Daura-Oller Elias, Cabré Maria, Montero Miguel A, Paternáin José L, Romeu Antoni
Biochemistry and Biotechnology Department, Faculty of Chemistry, Rovira i Virgili University (URV), c/Marcel-li Domingo, s/n. Campus Sescelades, 43007 Tarragona, Spain.
Comp Funct Genomics. 2009;2009:549387. doi: 10.1155/2009/549387. Epub 2009 Apr 8.

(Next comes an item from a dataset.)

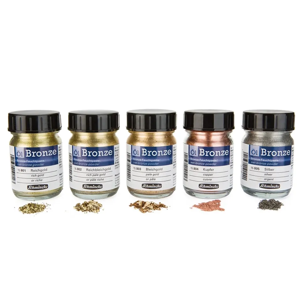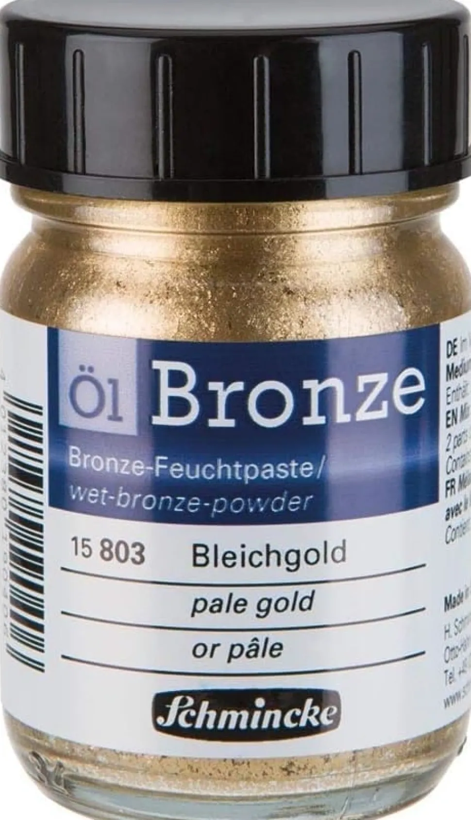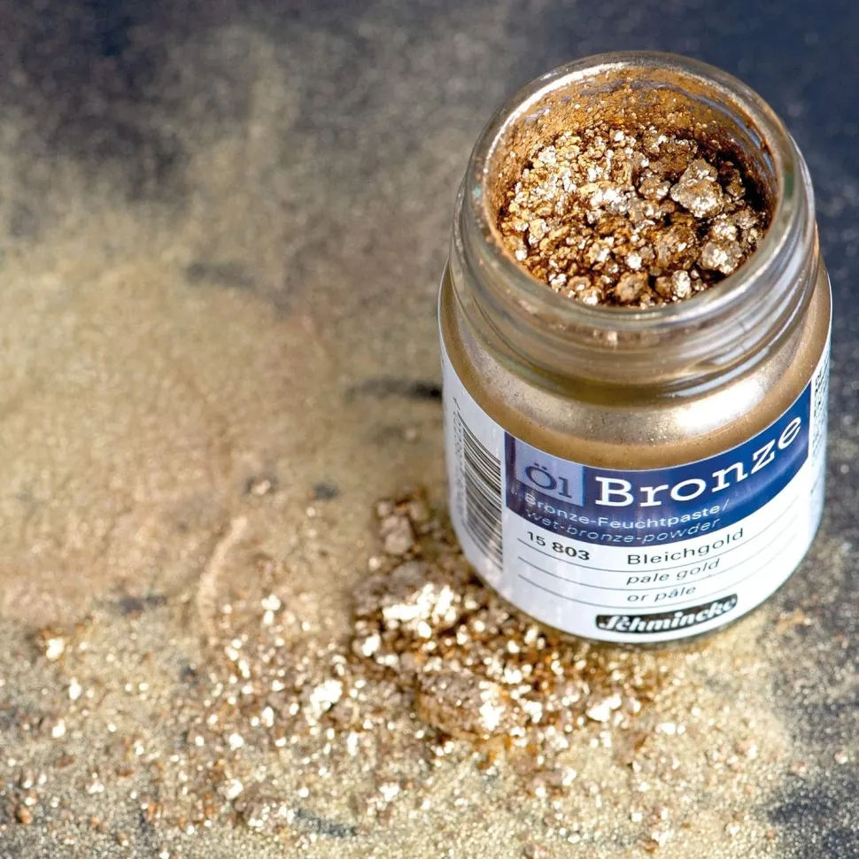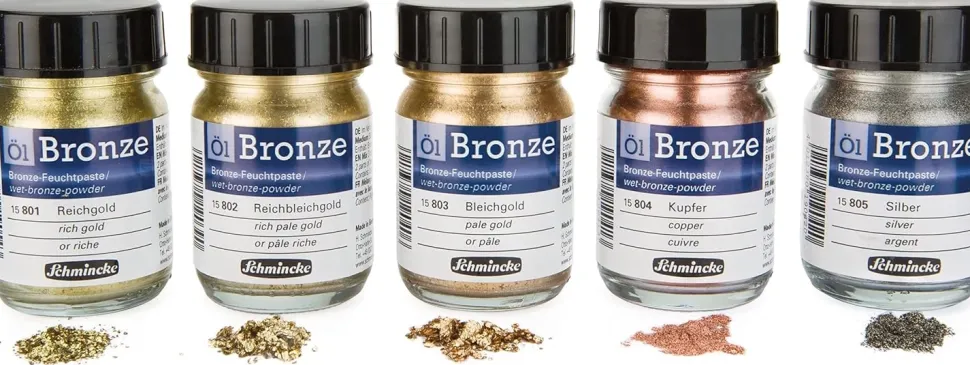 - Los bronces al óleo permiten lograr efectos metálicos brillantes en pinturas al óleo y otras superficies imprimadas, como madera, metal o yeso.

In the present study, a positive training set of 30 known human imprinted gene coding regions are compared with a set of 72 randomly sampled human nonimprinted gene coding regions (negative training set) to identify genomic features common to human imprinted genes. The most important feature of the present work is its ability to use multivariate analysis to look at variation, at coding region DNA level, among imprinted and non-imprinted genes. There is a force affecting genomic parameters that appears through the use of the appropriate multivariate methods (principle components analysis (PCA) and quadratic discriminant analysis (QDA)) to analyse quantitative genomic data. We show that variables, such as CG content, [bp]% CpG islands, [bp]% Large Tandem Repeats, and [bp]% Simple Repeats, are able to distinguish coding regions of human imprinted genes.
在本研究中,将30个已知的人类印迹基因编码区域的阳性训练集与一组72个随机抽样的人类非印迹基因编码区域(阴性训练集)进行比较,以确定人类印迹基因共有的基因组特征。本研究最重要的特点是能够使用多变量分析来观察印迹基因和非印迹基因在编码区DNA水平上的变异。通过使用适当的多变量方法(主成分分析(PCA)和二次判别分析(QDA))来分析定量基因组数据,有一种影响基因组参数的力量显现出来。我们表明,诸如CG含量、[bp]% CpG岛、[bp]% 大串联重复和[bp]% 简单重复等变量能够区分人类印迹基因的编码区域。